(GIVEN MATERIAL begins)

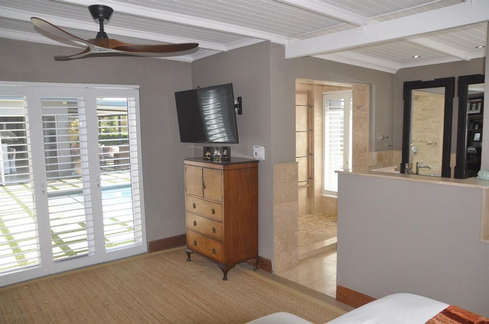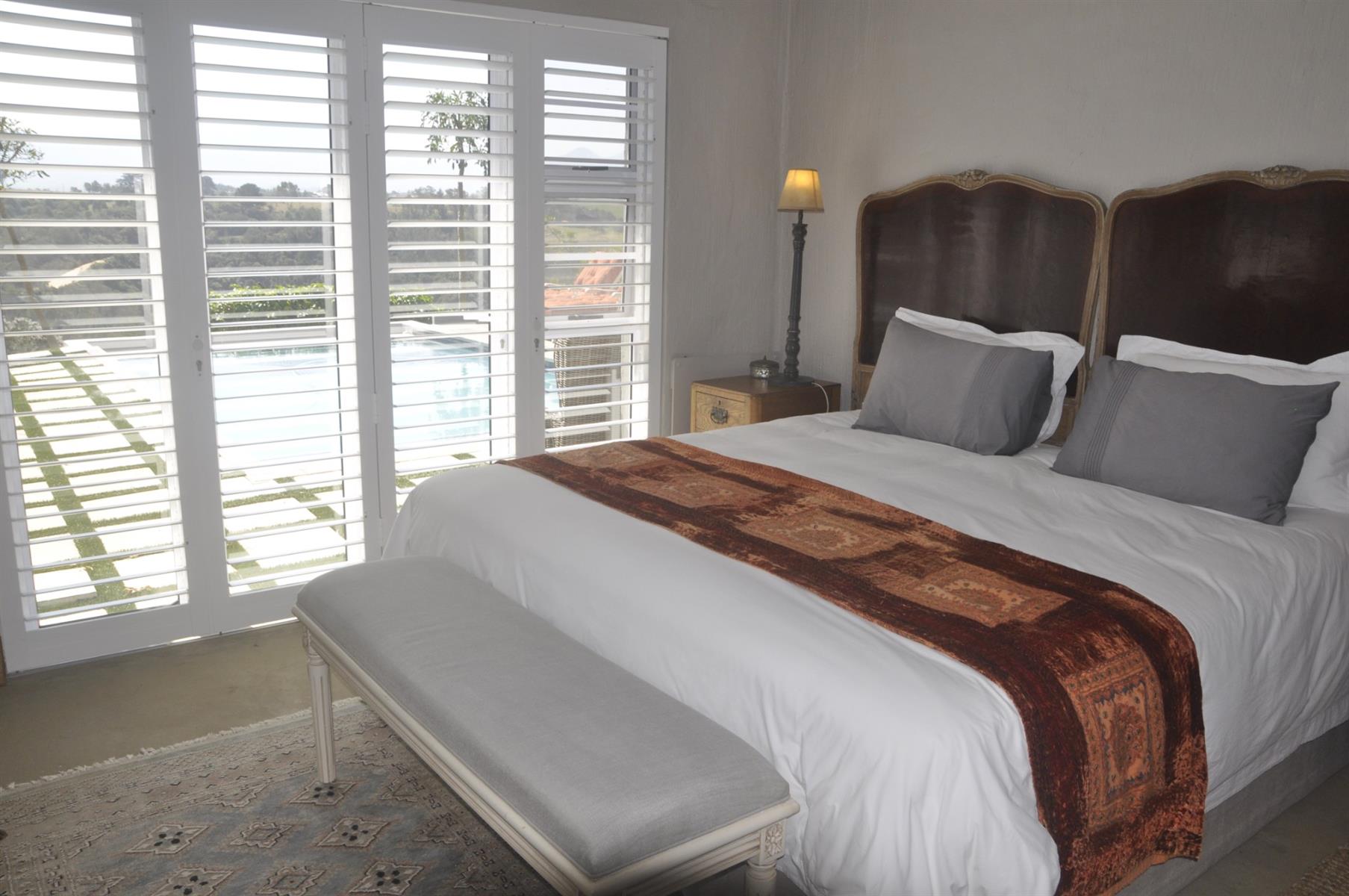 The main home features four spacious bedrooms, each with its own en-suite bathroom and wall-mounted heaters. The master suite opens directly onto the pool area through two separate doors, creating a seamless indoor-outdoor flow. An elegant entrance hall welcomes you into the open-plan living spaces, which include the dining room, kitchen, lounge and entertainment areas, all centered around a cozy open fireplace.
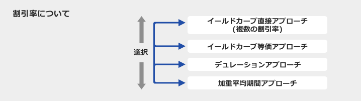 イールドカーブ直接アプローチ、等価アプローチ、デュレーションアプローチ、加重平均期間アプローチの中から選択することになります。すべての選択肢について、その定量的な差や実務運営について確認しておくことが必要です。
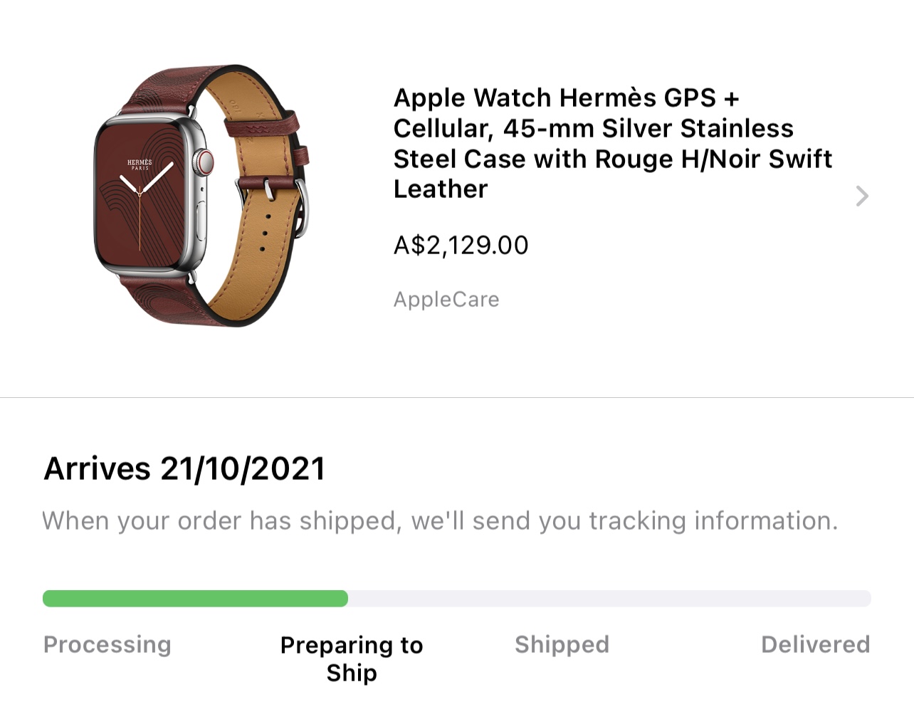 I’m sure the delivery date will update to the 15th once it actually ships.45mm Hermès now preparing for shipment. But my delivery date is 21 Oct?
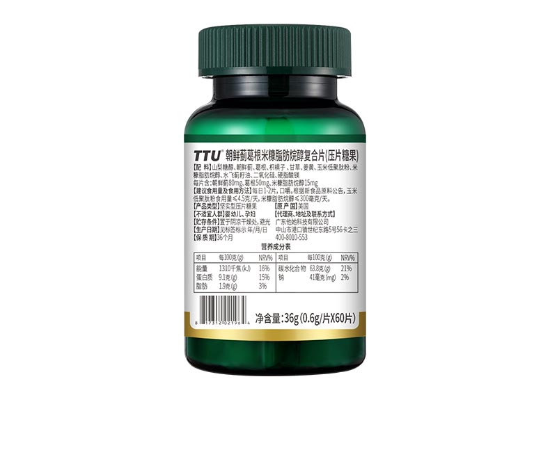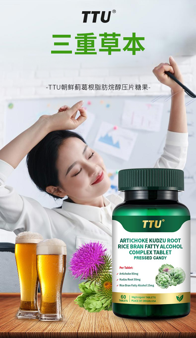 美国原装进口TTU朝鲜蓟葛根脂肪烷醇压片糖果 酒后两粒

(GIVEN MATERIAL ends)

WHAT THE EXERCISE ASKS> Reproduce the whole of the data, word for word, and omit its pictures.

YOUR RESPONSE>
 The main home features four spacious bedrooms, each with its own en-suite bathroom and wall-mounted heaters. The master suite opens directly onto the pool area through two separate doors, creating a seamless indoor-outdoor flow. An elegant entrance hall welcomes you into the open-plan living spaces, which include the dining room, kitchen, lounge and entertainment areas, all centered around a cozy open fireplace.
 イールドカーブ直接アプローチ、等価アプローチ、デュレーションアプローチ、加重平均期間アプローチの中から選択することになります。すべての選択肢について、その定量的な差や実務運営について確認しておくことが必要です。
 I’m sure the delivery date will update to the 15th once it actually ships.45mm Hermès now preparing for shipment. But my delivery date is 21 Oct?
 美国原装进口TTU朝鲜蓟葛根脂肪烷醇压片糖果 酒后两粒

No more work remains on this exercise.